TPOT: Automating ML Pipelines with Genetic Algorithms in Python

by
0 comments
TPOT: Automating ML Pipelines with Genetic Algorithms in Python

TPOT: Automating ML Pipelines with Genetic Algorithms in Python
Image by author

, Introduction

Building machine learning models manually involves a long series of decisions. It involves several steps, such as cleaning the data, choosing the right algorithm, and tuning the hyperparameters to get good results. This trial-and-error process often takes hours or even days. However, there is a way to solve this problem by using Tree-Based Pipeline Optimization ToolOr TPOT.

TPOT is a Python library that uses genetic algorithms to automatically discover the best machine learning pipeline. It treats pipelines like populations in nature: it tries many combinations, evaluates their performance, and “evolves” the best one over several generations.
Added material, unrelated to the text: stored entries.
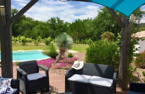Beautiful villa with swimming pool set in a landscaped garden, with a large plancha for grilling, a trampoline with safety net and swings for children, between vineyards and scrubland.
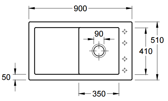- Lochbohrung: bitte separat unter Zubehör bestellen.
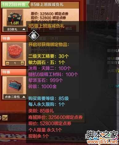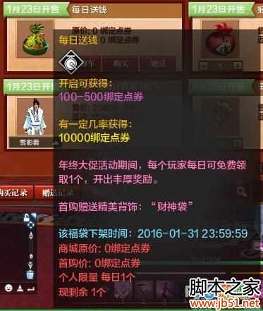 答:1月23日~1月31日商城每日每人限领1个,开启可随机获得100-500绑定点券, >>详细
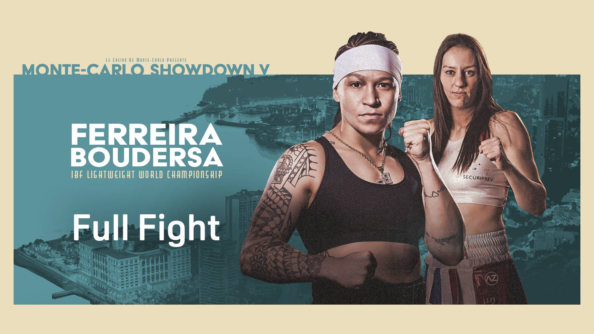 Disfruta de la repetición completa de la pelea de un fascinante combate por el campeonato en Monte Carlo, donde la estrella brasileña Beatriz Ferreira (5-0) buscaba retener su título de peso ligero de la FIB frente a Licia Boudersa (23-2-2).
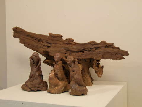 他說,在創作的旅程中,沒有預約的創作,突然靈光開竅心血來潮,或如信手拈來隨形而生,都是最自在的創作。不被期待、祈禱的佛,最能釋放無邊的法力。在閒談中,在候車時,在蟬鳴的午後,大雨磅沱的墨夜,身邊一把土、一支竹籤、心禪自生,對應出人生百態眾生相。老菩薩的雕塑外型中,深藏著閱讀過的旅人靈魂,不知不覺這些泥偶已成大千世界,而心中的”纏”早已焠鍊成”禪”,一如鏡水對應過往。
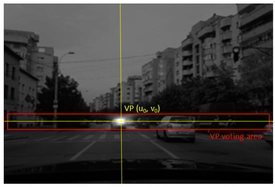 After the calibration of the focal length, the acquired images are submitted to a convolutional neural network for semantic segmentation, separating the road areas from the obstacle areas. The road areas are further processed by identifying the lane delimiter markings, which are then used for height and pitch angle calibration, as described in Section 3.5. The pitch angle is further refined by computing the image’s vanishing point, which is also used for computing the camera’s yaw angle with respect to the longitudinal axis of the host vehicle.
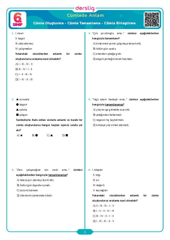 Cümle Oluşturma - Cümle Tamamlama - Cümle Birleştirme
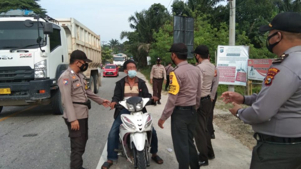 Pekanbarukini.com (PELALAWAN) – Dalam bentuk upaya mengamankan wilayah binaanya dari penyebaran Covid-19, Kepala Kepolisian Sektor (Kapolsek) Bandar Sei Kijang AKP Yusup Purba, kembali memimpin kegiatan operasi yustisi, Rabu (7/7/2021). Kali ini, kegiatan dilakukan di pos pantau Jalan Lintas Timur.
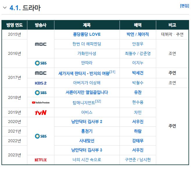 - 그리고 드라마 데뷔작은 퐁당퐁당love에서 주연 역활로 데뷔하게 되는데 비쥬얼이 좋아서 그런지 드라마 데뷔가 바로 주연급이네요 ^^ 멋지당 .. 낭만닥터 김사부에서는 시즌2부터 주연급 서우진으로 나오고 있습니다 .
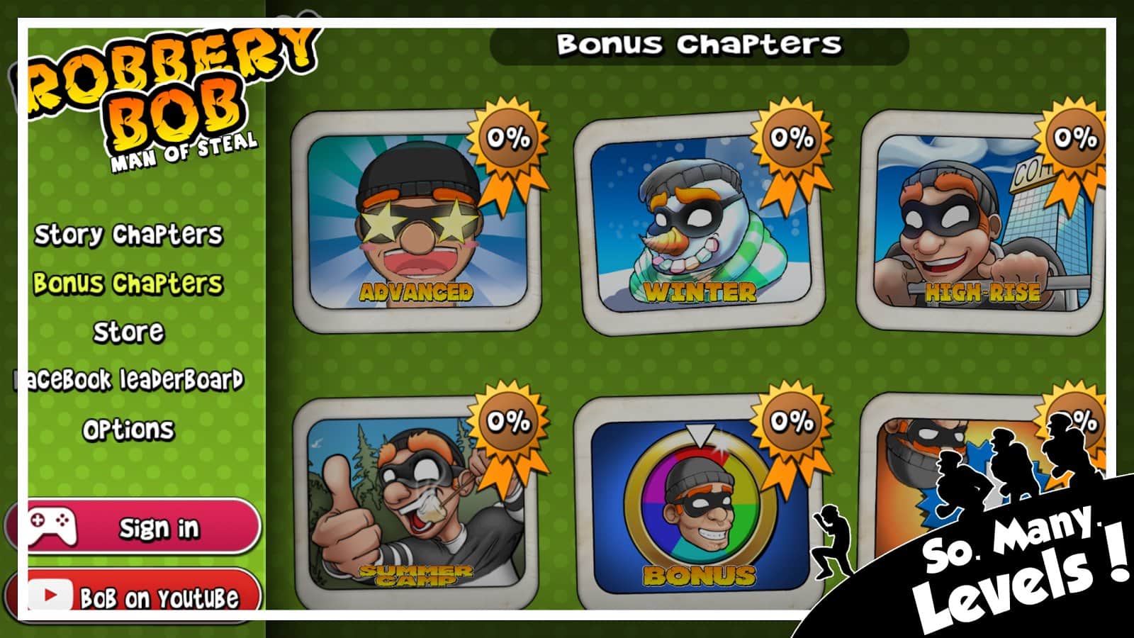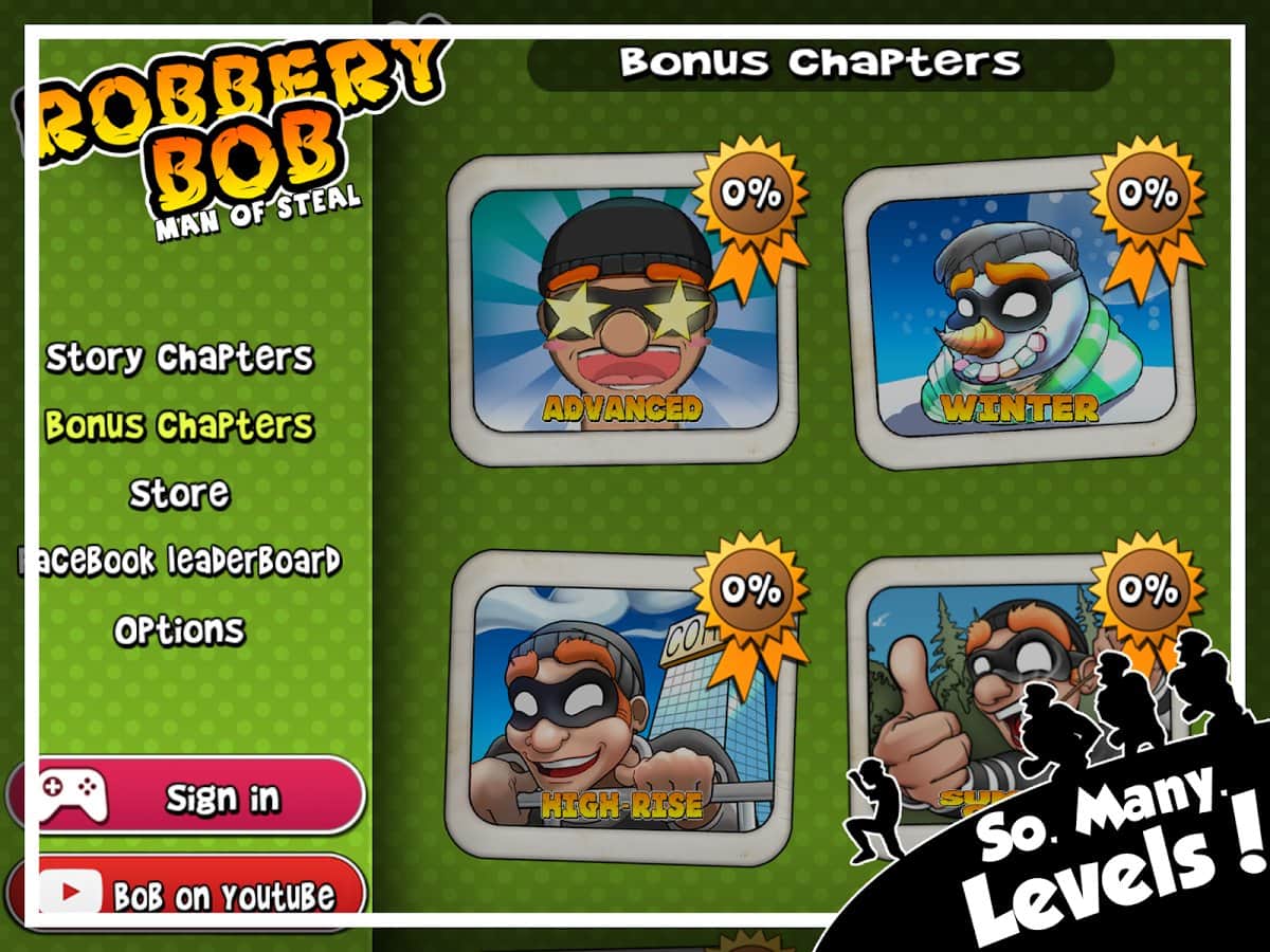 Robbery Bob - hırsız, pek şanssız, yavaş ama emin adımlarla karanlık işini yapıyor; yani evleri, daireleri ve ofisleri soymakla meşgul. Eline ne geçerse alıyor - para, altın, takılar, hatıralar, elektronik eşyalar ve hatta televizyonun kumandası bile! Cesareti de yadsınamaz - çünkü gündüz bile çalmaktan çekinmiyor. Tek bir sorunu var - sahipler, güvenlik ya da köpekler tarafından yakalanmamak! Bunun için gayret göstermesi gerekiyor - bazen beklemek, bazen saklanmak ve bazen de hızla kaçmak gerekiyor; iyi ki oyun bu tür durumlar için de seçenekler sunuyor!

This automation allows you to focus on solving your problem while TPOT handles the technical details of model selection and optimization.

, How does TPOT work?

TPOT uses genetic programming (GP). It is a type of evolutionary algorithm inspired by natural selection in biology. Instead of developing organisms, GPs develop computer programs or workflows to solve a problem. In the context of TPOT, the “programs” being developed are machine learning pipelines.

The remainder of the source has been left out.